- John and Nellie Vander Jagt House
- U.S. National Register of Historic Places
- Interactive map
- Location: 2615 Plainfield Ave NE Grand Rapids, Michigan
- Coordinates: 43°00′39″N 85°38′55″W﻿ / ﻿43.01083°N 85.64861°W
- Built: 1940
- Built by: George Datema & Sons, George Den Hartog
- Architect: Wilfred McLaughlin
- Architectural style: Tudor Revival architecture
- NRHP reference No.: 100013324
- Added to NRHP: August 13, 2026

= John and Nellie Vander Jagt House =

The John and Nellie Vander Jagt House is a former single family home located at 2615 Plainfield Ave NE in Grand Rapids, Michigan. It was listed on the National Register of Historic Places in 2026.

==History==
John Vander Jagt married Nellie Dewinter in 1910. In 1923 the couple began construction on a house at 2442 Foster Avenue, and in 1924 John Vander Jagt founded the Reliable Cartage Company, which secured an exclusive contract with the Atlantic & Pacific Tea Company. Reliable Cartage quickly grew into one of the largest trucking companies in Michigan, and in 1935 nearly doubled in size after acquiring the Kentucky Transport Corporation. Around the same time, the Vander Jagts began planning a new, larger home on five contiguous lots. They hired local architect Wilfred McLaughlin to design the house, and construction began in early 1939. The house was competed in 1940.

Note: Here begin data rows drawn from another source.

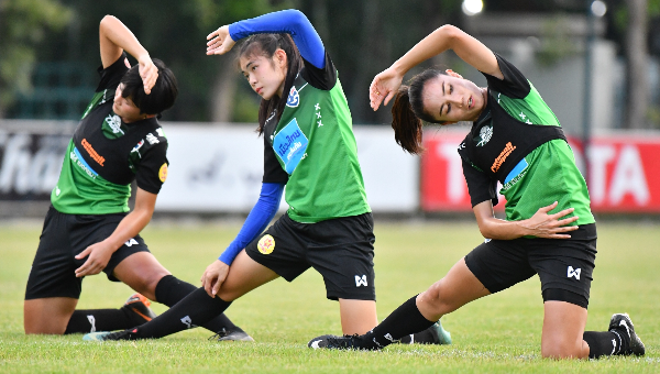 ทีมฟุตบอลหญิงทีมชาติไทยลงฝึกซ้อมก่อนลงอุ่นเครื่องกับเมียนมาร์ โดยโค้ชหนึ่งเตียมลองแทคติคที่จะใช้ในศึกชิงแชมป์อาเซียนบดสาวหม่องในเกมนี้
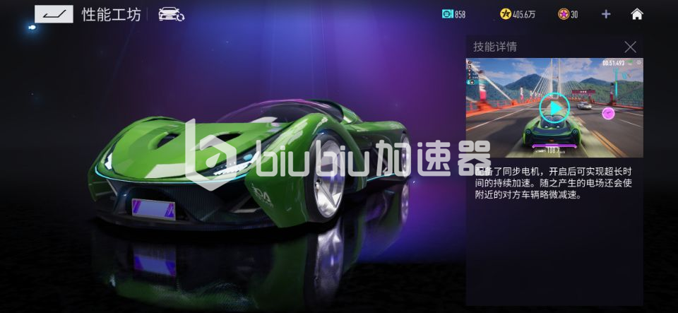 干扰位的另一辆“绿弟”同样也有电机开启,并且开启后自身有超长加速,减速敌方的同时自身提速,十分刺激哦。
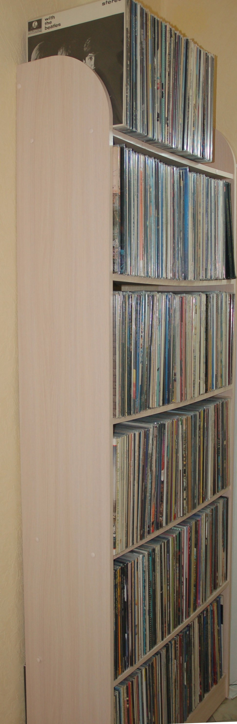 У меня раньше выглядел вот так. Сейчас заказал: во-первых до потолка (это будет 7 рядов), во-вторых: в два раза шире (кол-во вмещаемых пластинок удвоится), ну и обязательно перегородки - полки под весом прогибаются. Уже делают. Цвет - бук. |

Less than a year after moving into the house, John Vander Jagt suffered a heart attack, forcing him to retire from his business. In 1941, he was admitted to the hospital and died on October 5. Nellie Vander Jagt remained in the house until she too died in 1985. Afterward, Sidney and Betty Albrecht purchased the house and lived there until Betty died in 2020. By this time, the house required substantial renovation, and multiple developers proposed demolition. Instead, realtor Tammy Jo and Max Budzynski purchased the house in 2021, and have restored much of the property. The house was listed on the National Register of Historic Places in 2026.

==Description==
The John and Nellie Vander Jagt House is a large, two-story high style Tudor Revival house with a steeply pitched roofline. It is set on a large lot, and is unique in the surrounding neighborhood due to its large size and substantial setback from the street. The front of the house mixes stone, brick, and half-timbered stucco, while to roof is covered with variegated slate. The front facade is asymmetric, with front gabled dormers projecting from the roof. The front door is set within an ornately carved stone archway.